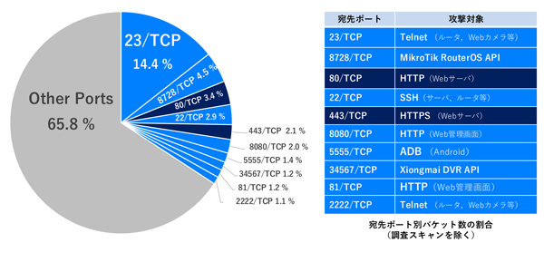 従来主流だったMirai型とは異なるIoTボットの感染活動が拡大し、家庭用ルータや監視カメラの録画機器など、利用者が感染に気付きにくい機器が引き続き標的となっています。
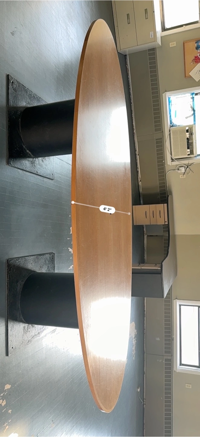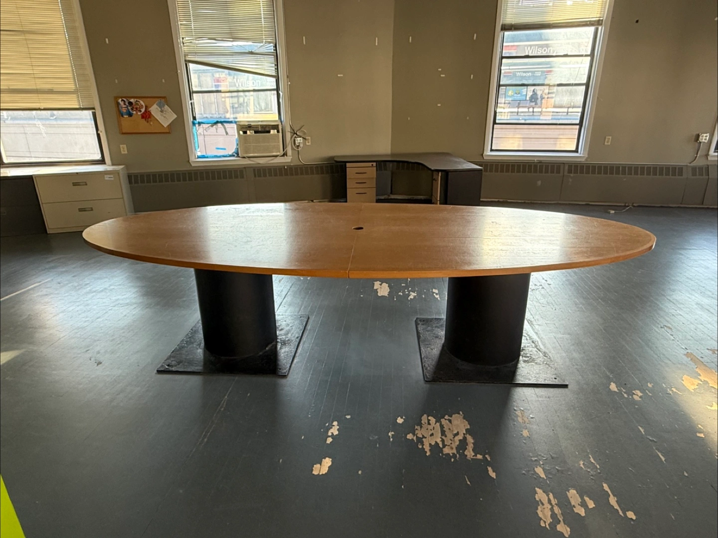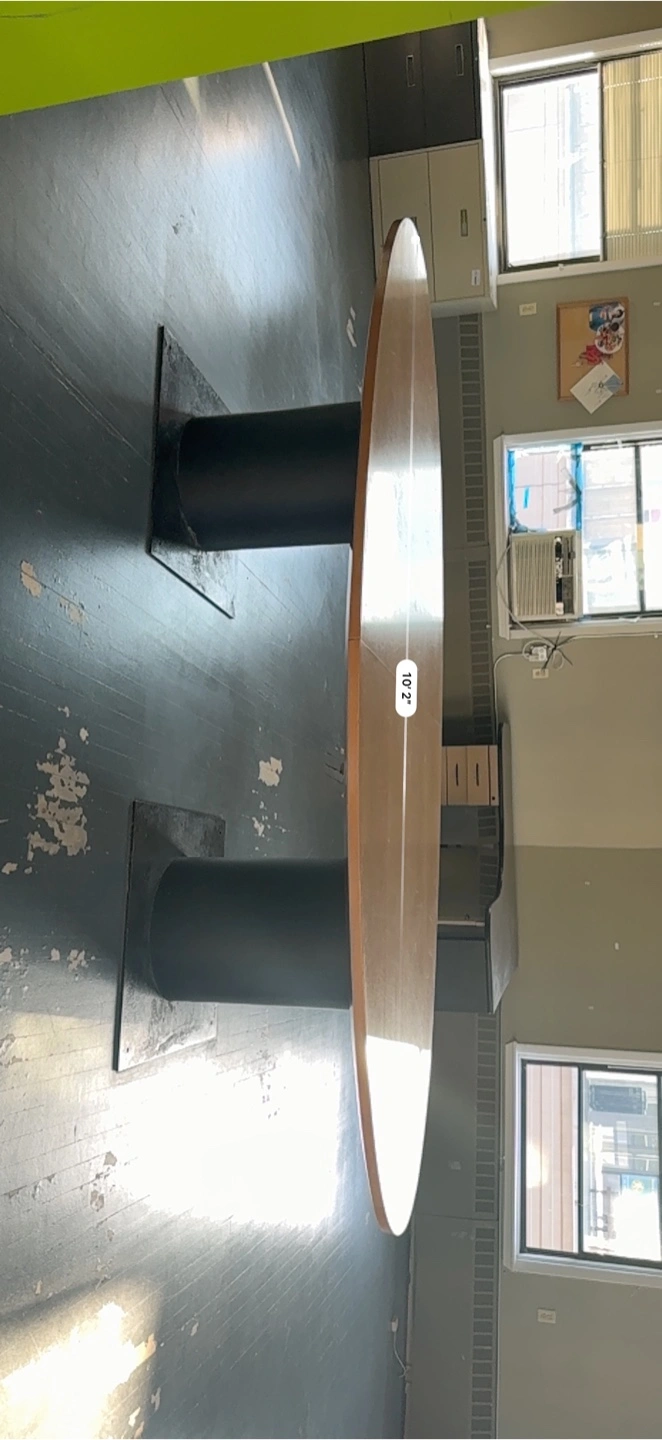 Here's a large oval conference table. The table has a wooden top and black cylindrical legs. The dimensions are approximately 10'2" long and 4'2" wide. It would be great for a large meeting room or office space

◇ ◇ ◇

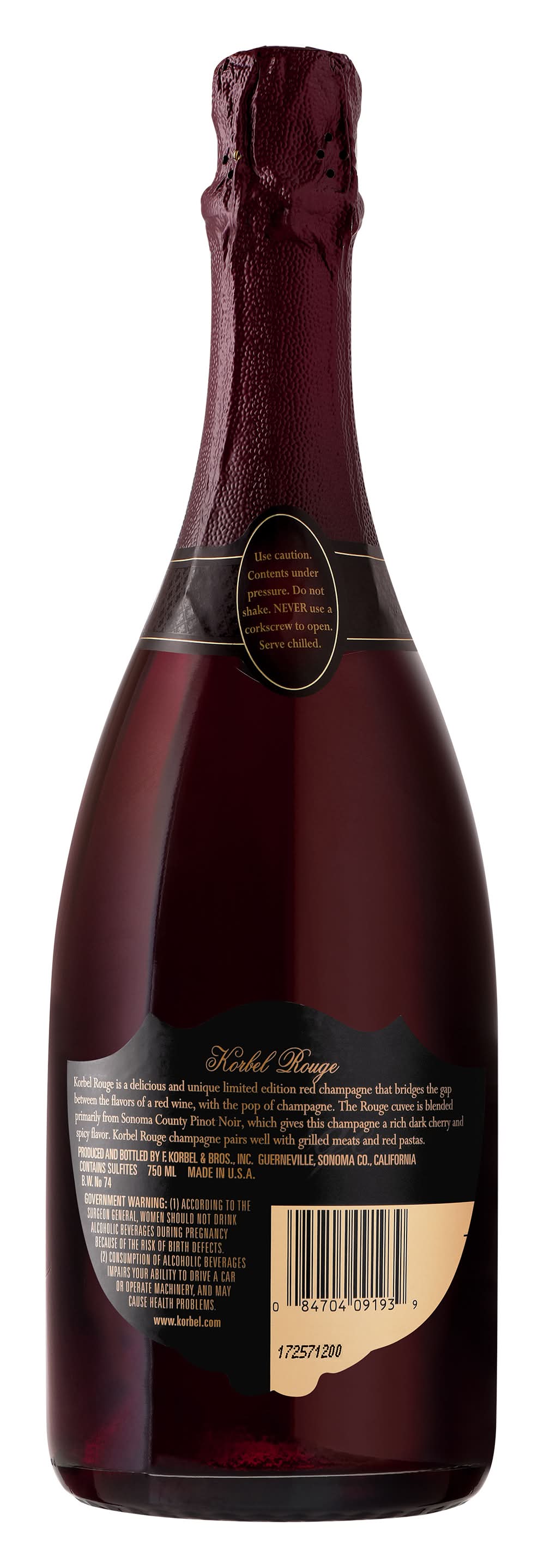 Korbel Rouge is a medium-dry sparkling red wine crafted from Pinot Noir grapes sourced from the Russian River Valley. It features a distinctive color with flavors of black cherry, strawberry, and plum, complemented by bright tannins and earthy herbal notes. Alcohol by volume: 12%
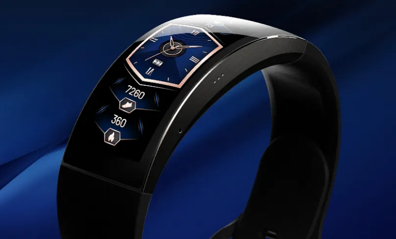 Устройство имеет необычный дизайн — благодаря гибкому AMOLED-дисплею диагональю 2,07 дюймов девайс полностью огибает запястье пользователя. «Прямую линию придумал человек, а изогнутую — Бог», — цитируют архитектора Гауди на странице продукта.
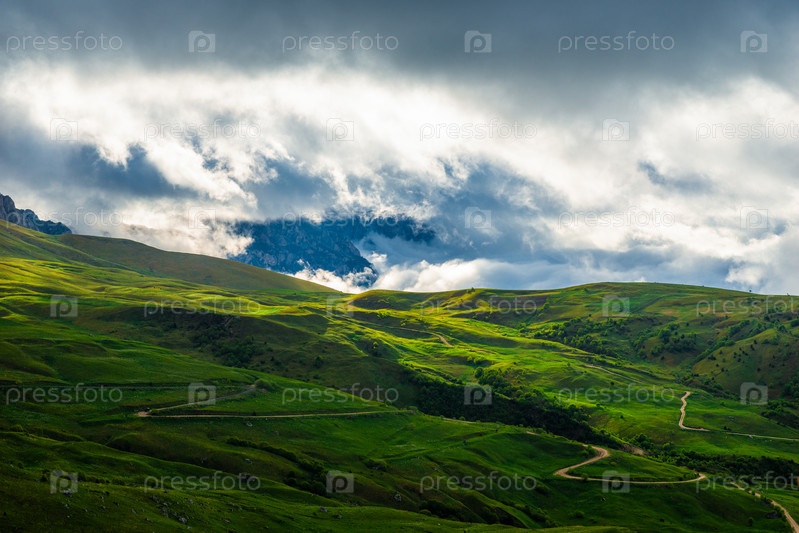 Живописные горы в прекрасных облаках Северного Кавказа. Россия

◇ ◇ ◇

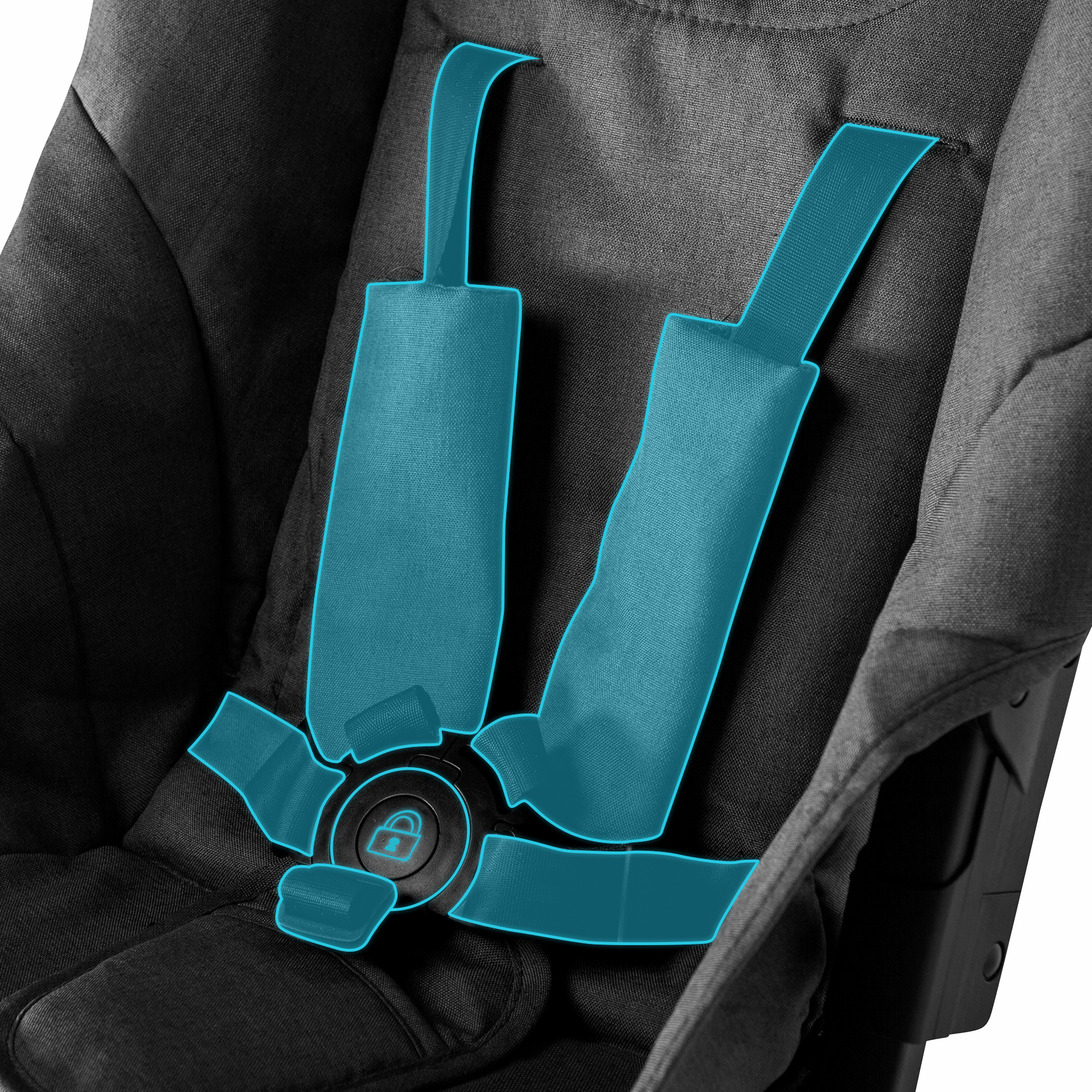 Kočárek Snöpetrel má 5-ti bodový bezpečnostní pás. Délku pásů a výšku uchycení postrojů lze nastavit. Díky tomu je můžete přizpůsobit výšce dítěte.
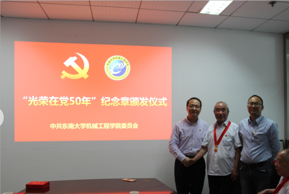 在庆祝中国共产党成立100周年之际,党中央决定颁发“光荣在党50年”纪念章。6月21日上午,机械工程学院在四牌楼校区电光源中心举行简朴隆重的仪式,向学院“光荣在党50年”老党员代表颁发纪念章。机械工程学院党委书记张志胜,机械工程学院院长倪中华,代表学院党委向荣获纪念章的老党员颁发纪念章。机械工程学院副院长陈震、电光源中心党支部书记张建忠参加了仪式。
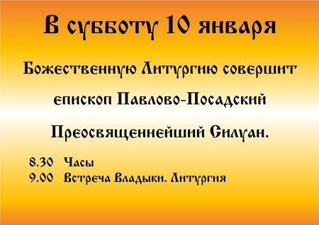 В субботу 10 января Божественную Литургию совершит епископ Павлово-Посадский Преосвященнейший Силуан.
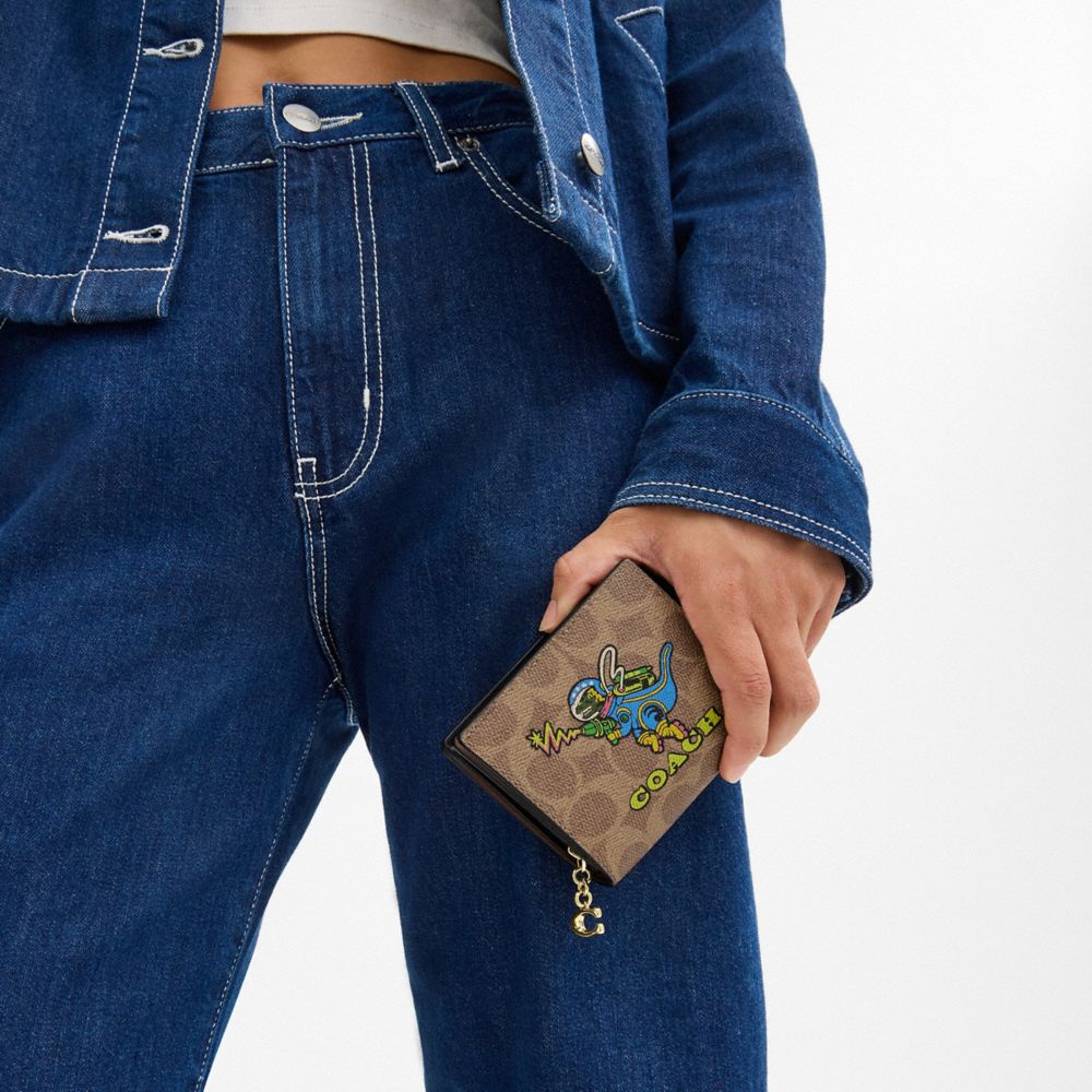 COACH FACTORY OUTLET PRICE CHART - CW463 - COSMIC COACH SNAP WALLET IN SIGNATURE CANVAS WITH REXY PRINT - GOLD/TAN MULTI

◇ ◇ ◇

Using the listing above, reproduce word for word every line from the one containing "Устройство имеет необычный" through the one containing "Живописные горы в". Pictures must be left out.

 Устройство имеет необычный дизайн — благодаря гибкому AMOLED-дисплею диагональю 2,07 дюймов девайс полностью огибает запястье пользователя. «Прямую линию придумал человек, а изогнутую — Бог», — цитируют архитектора Гауди на странице продукта.
 Живописные горы в прекрасных облаках Северного Кавказа. Россия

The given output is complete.